Я иногда понимала, что он говорит мне, потому что он знал пару слов на французском и дополнял свою речь красноречивыми жестами. И потом, он внушал такой страх и ужас, что я поняла бы его, даже если бы он говорил с равнодушным лицом, глядя на меня из-под полуприкрытых век.
Сердце билось как бешеное, словно рвалось на волю из грудной клетки. Солдаты куда-то отошли, и по тому, как неподвижно стоял Хасан, я поняла, что мы ждем их возвращения.
Послышалось мерное позвякивание, и сердце упало вниз, когда я представила, какие пыточные инструменты могут издавать такой звон. Но оказалось, что то были цепи на ногах и руках узников, которых выводили во двор, ставили в линию и опускали на колени. Они все шли с опущенными головами, видимо, понимая, что обречены. Около двадцати человек оказалось выстроенными в линию во дворике. Хасан потащил меня к первому из них. Узник поднял голову, и по блеснувшему на груди нательному кресту я поняла, что он христианин.

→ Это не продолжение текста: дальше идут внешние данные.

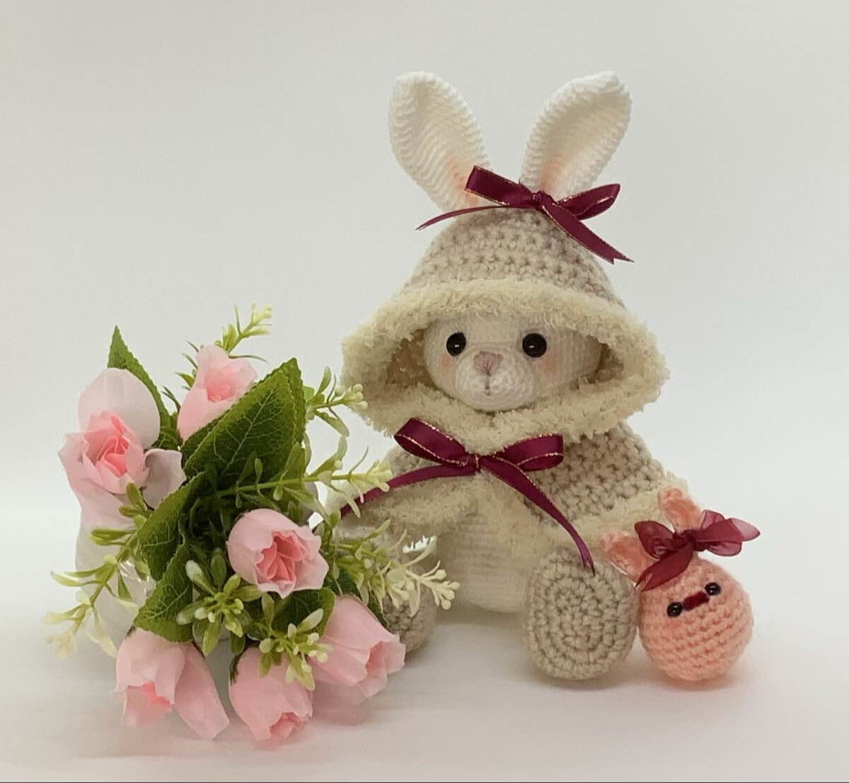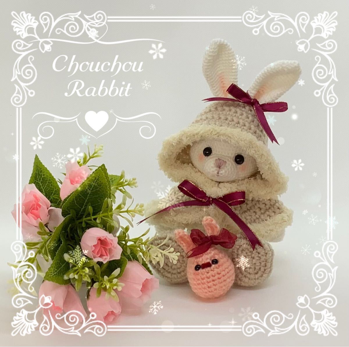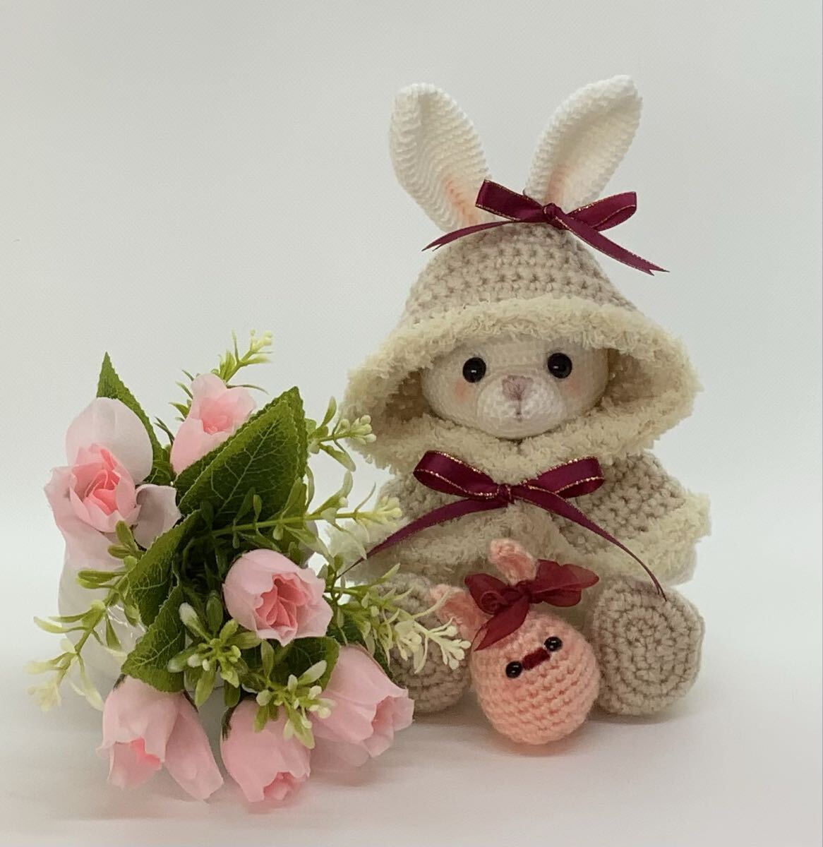 ☆小さいうさぎさん。ベージュのボア付きマントとブーツ☆ピンクのミニうさぎ?さんも一緒です♪
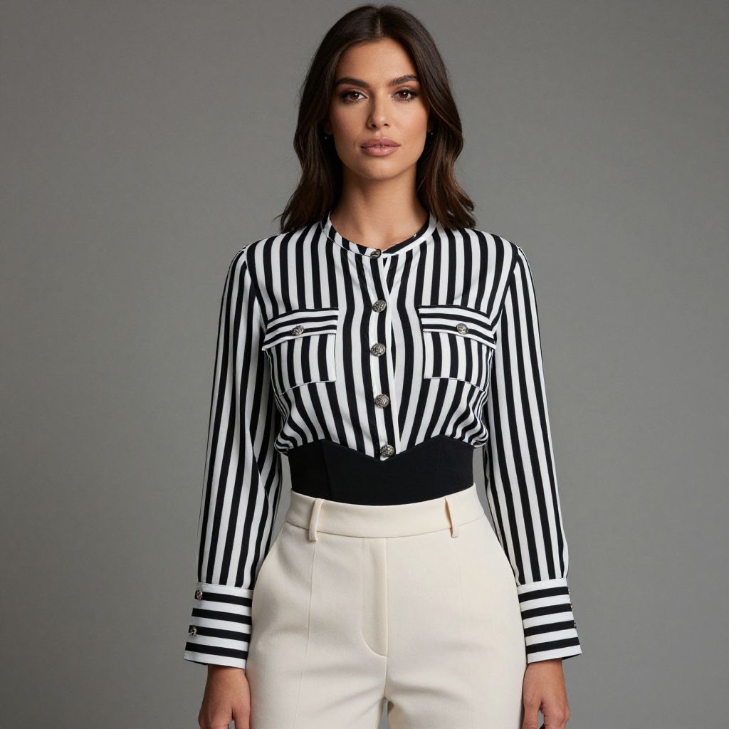 "Woman, modern business casual, black and white vertically striped blouse with contrasting horizontal cuff detail, dual flap pockets, ornamental silver buttons, black V-shaped panel at the waist, paired with high-waisted off-white trousers, neutral background.. Sexy. Pretty face and beаutiful eyes. Big breasts."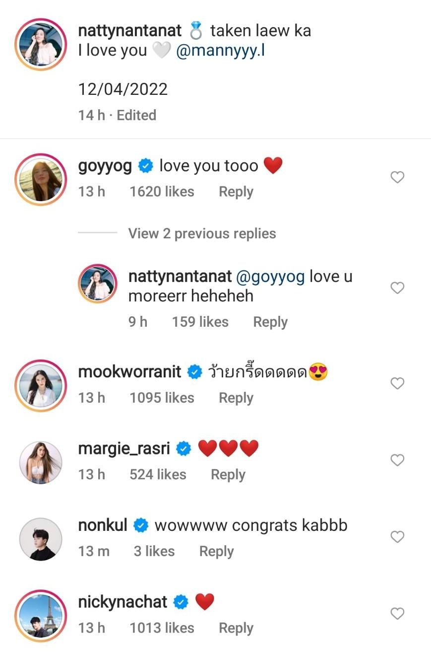 โดย นัตตี้ นันทนัท ได้โพสต์ภาพคู่กับแมน และสังเกตเห็นว่านิ้วนางข้างซ้ายสวมแหวนเพชร พร้อมทั้งเขียนข้อความสั้นๆ ว่า “taken laew ka I love you @mannyyy.l 12/04/2022” ด้าน แมน ณัฐภูมิ ก็โพสต์ภาพเดียวกัน พร้อมทั้งเขียนแคปชั่นว่า “The only "yes" I’ve been after all my life. 12.04.2022 @nattynantanat”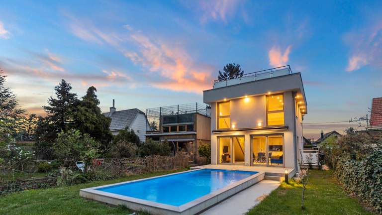 Die Villa Jäger bietet Übernachtungsmöglichkeiten in einer heimeligen Atmosphäre mit einem eigenen Pool und Stadtblick. Die Unterkunft verfügt über eine Terrasse und einen Garten mit Grillmöglichkeiten.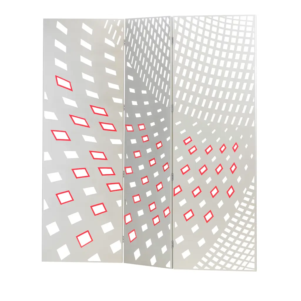 Evolution, change, dynamism: Otto divider is the expression of the square that freely comes out of the constraint of its shape and becomes other than itself. Like a perforated canvas with a pattern that appears in motion, Otto is an observation point that gives rhythm to the space with shapes and colors. Otto is the first Altreforme product entirely created by a circular economy approach, exploiting metal sheets no longer usable for the requirements of the automotive field.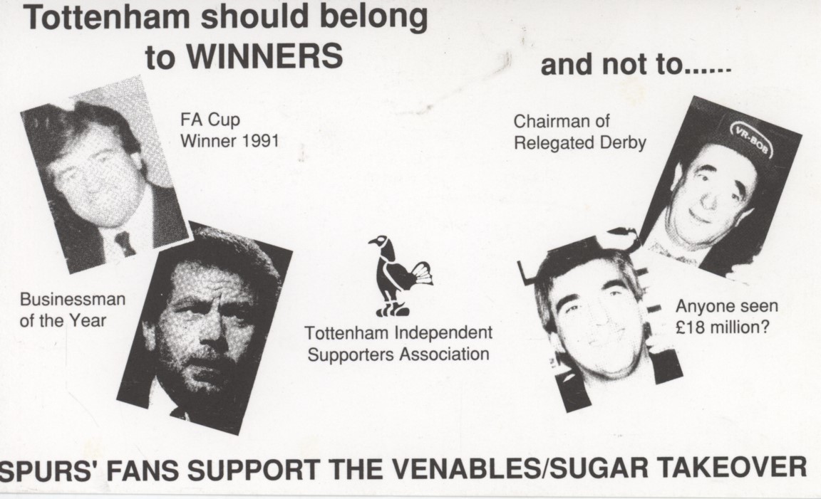 A card produced by the Tottenham Independent Supporters Association to promote the case for Terry Venables and Alan Sugar taking over the club (as opposed to Robert Mawxwell).

– Донна Анна! – услышала я знакомый голос и с трудом узнала в обросшем, грязном пленнике франтоватого Селира Анвуайе. Все наши столкновения вдруг вспомнились с новой силой, но я не испытала злорадства, увидев его поверженным. Даже воспоминание о том, какую боль он причинил Николетте, не окупало страха и страдания в его глазах.